Some pressing conversations about patient care extend far beyond the borders of medical facilities. Consider the work of JHUSON associate professor and nurse practitioner Julie Stanik-Hutt, PhD, ACNP who, in just four years, drove discourse that paved the way for nurse practitioners to practice their profession to a broader patient population. A nurse practitioner by training, Stanik-Hutt served between 2002 and 2006 as the Legislative Committee Chairperson for the Nurse Practitioner Association of Maryland, an organization which recently named her president.

Before 2003, a glitch in Maryland law precluded nurse practitioners from being designated primary care providers to patients carrying HMO insurance. Given the large number of patients with HMOs and the current physician shortage, that small glitch created a big gap in care for many Marylanders-one that Stanik-Hutt was determined to close.

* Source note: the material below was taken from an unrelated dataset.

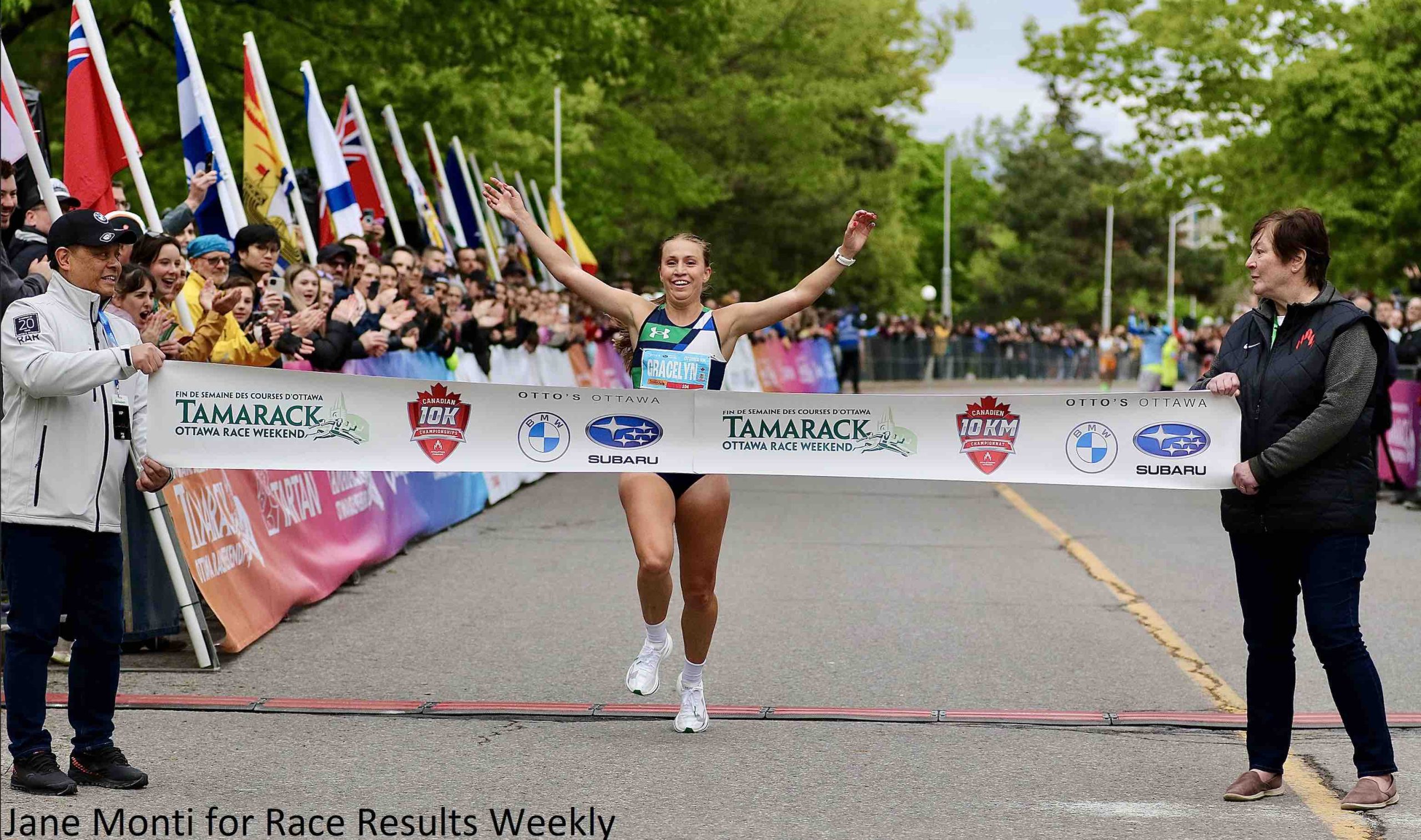 OTTAWA (24-May) — On a cloudy and chilly evening here in the Canadian capital, Gracelyn Larkin and Charles Philibert-Thiboutot won the Athletics Canada 10-K road running championships in exciting races. Larkin, 24, running in only her second road 10-K, came from behind to pass early leader and defending champion Malindi Elmore and break the tape on Queen Elizabeth Driveway in 32:43. Philibert-Thiboutot, 34, broke away from marathoner Cam Levins in the ninth kilometer to win in 28:06, a new Canadian record. Both athletes won CAD 6000 in prize money.

“Some places, especially rural and underserved inner city areas, only have nurse practitioners. If insurance won’t accept a nurse practitioner as a primary care provider, you don’t get the care you need,” Stanik-Hutt says.

She describes the long and tedious process that ensued. “We went to bat [for those populations]. We went to the legislature and, for several years, had a lot of opposition. Then, a movement within organized medicine on the physician side said ‘Let’s collaborate; let’s see if we can make an agreement’. I worked out a compromise with physicians, and testified in support of a bill that physicians originally opposed. It passed, and Governor Erlich signed it,” Stanik-Hutt says.

While working with top state law officials, Stanik-Hutt has remained true to her role as patient advocate. “It’s something that nurses are–advocates for their patients. If you see something that isn’t right and it needs to be fixed, we fix it,” she says.